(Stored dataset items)
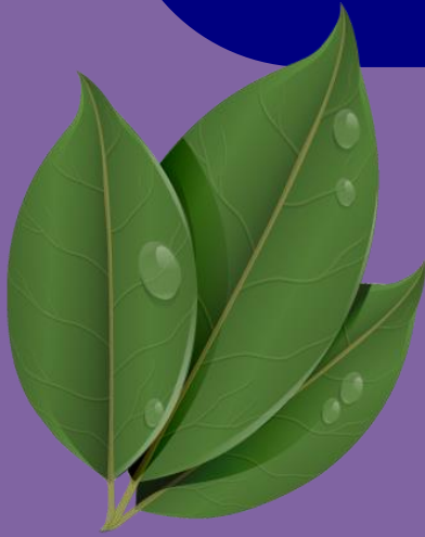
IMAGE: Three green leaves are connected at the stem. This represents multiple people working together toward a universal goal. The leaves have water droplets on them representing a fresh and healthy future.
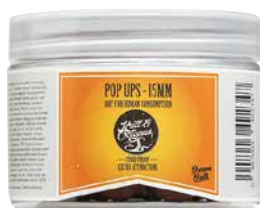
Pop-ups 12 or 15 mm Buoyant hookbait
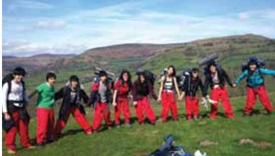
Students on the college Duke of Edinburgh Programme

With a 'work hard, play hard' ethos, CSFC has helped me to develop both academically and socially whether it is by participation in the annual Cultural Event or through my involvement in Debate and Badminton clubs. I believe my time here at CSFC has been an incredible experience, and it is both an honour and a pleasure to be able to study at such a respectable institution. These cherished moments are experiences which will stay with me long after I have left CSFC, my second home.
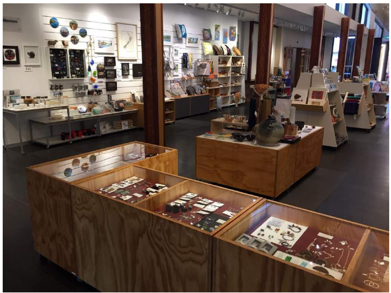
The Suter Shop for unique locally produced gifts
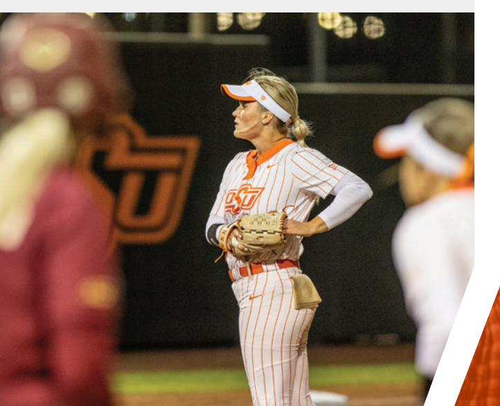
WATCH THE VIDEO: Learn more about the game day experience from OSU students at viewbook.okstate.edu
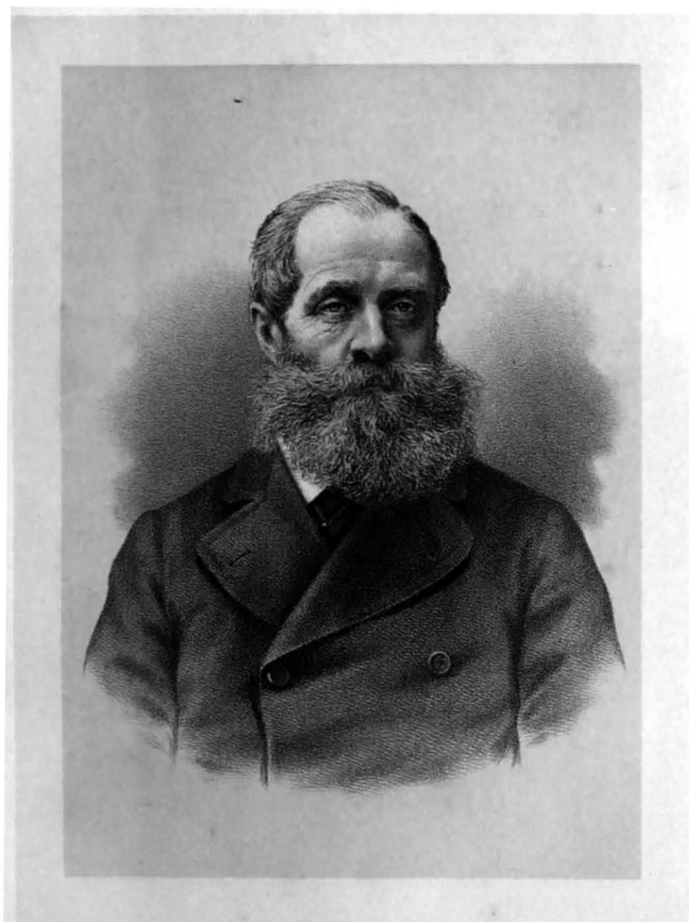
JOHN POYNTZ SPENCER. 5TH EARL SPENCER.

BLACKIE & SON, LONDON, GLASGOW, EDINBURGH & DUBLIN.
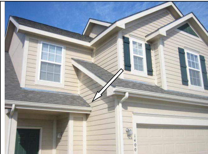
Typical location where a kickout is installed.

Water leaking between a gutter and the siding on a sidewall of a home can cause significant damage if not corrected. The problem can occur where a sidewall meets up with a roof and gutter in which one section of the home has a higher roofline. This is common on two story homes adjacent to garages, around chimneys, over front porches and a number of other locations. Water can leak between the gutter and siding. This can cause damage to the siding. In extreme scenarios it can damage interior walls, moisture and mold buildup on insulation, and even damage flooring if not corrected.
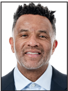
Damon Stoudamire Head Coach
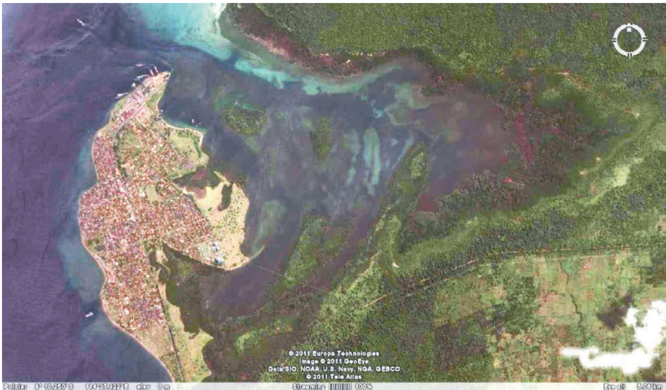
Figure 3.1. Satellite image of Secret Bay at Gilimanuk.

of Nusa Penida. These cases involved crosses between the butterflyfishes Chaetodon guttatissimus and C. punctofasciatus and the angelfishes Centropyge eibli and C. vroliki (Plate 3.4). Although no hybrids were detected between the closely related Chaetodon lunulatus and C. trifasciatus , several mixed pairs between these species were seen during both the 2008 and 2011 surveys.
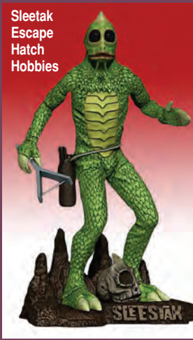
Sleetak Escape Hatch Hobbies

[THE TASK]
The answer must consist solely of the lines from the first line of the records through the line containing "Figure 3.1. Satellite", reproduced exactly and without the pictures.

[EXPECTED OUTPUT]
IMAGE: Three green leaves are connected at the stem. This represents multiple people working together toward a universal goal. The leaves have water droplets on them representing a fresh and healthy future.
Pop-ups 12 or 15 mm Buoyant hookbait
Students on the college Duke of Edinburgh Programme

With a 'work hard, play hard' ethos, CSFC has helped me to develop both academically and socially whether it is by participation in the annual Cultural Event or through my involvement in Debate and Badminton clubs. I believe my time here at CSFC has been an incredible experience, and it is both an honour and a pleasure to be able to study at such a respectable institution. These cherished moments are experiences which will stay with me long after I have left CSFC, my second home.
The Suter Shop for unique locally produced gifts
WATCH THE VIDEO: Learn more about the game day experience from OSU students at viewbook.okstate.edu
JOHN POYNTZ SPENCER. 5TH EARL SPENCER.

BLACKIE & SON, LONDON, GLASGOW, EDINBURGH & DUBLIN.
Typical location where a kickout is installed.

Water leaking between a gutter and the siding on a sidewall of a home can cause significant damage if not corrected. The problem can occur where a sidewall meets up with a roof and gutter in which one section of the home has a higher roofline. This is common on two story homes adjacent to garages, around chimneys, over front porches and a number of other locations. Water can leak between the gutter and siding. This can cause damage to the siding. In extreme scenarios it can damage interior walls, moisture and mold buildup on insulation, and even damage flooring if not corrected.
Damon Stoudamire Head Coach
Figure 3.1. Satellite image of Secret Bay at Gilimanuk.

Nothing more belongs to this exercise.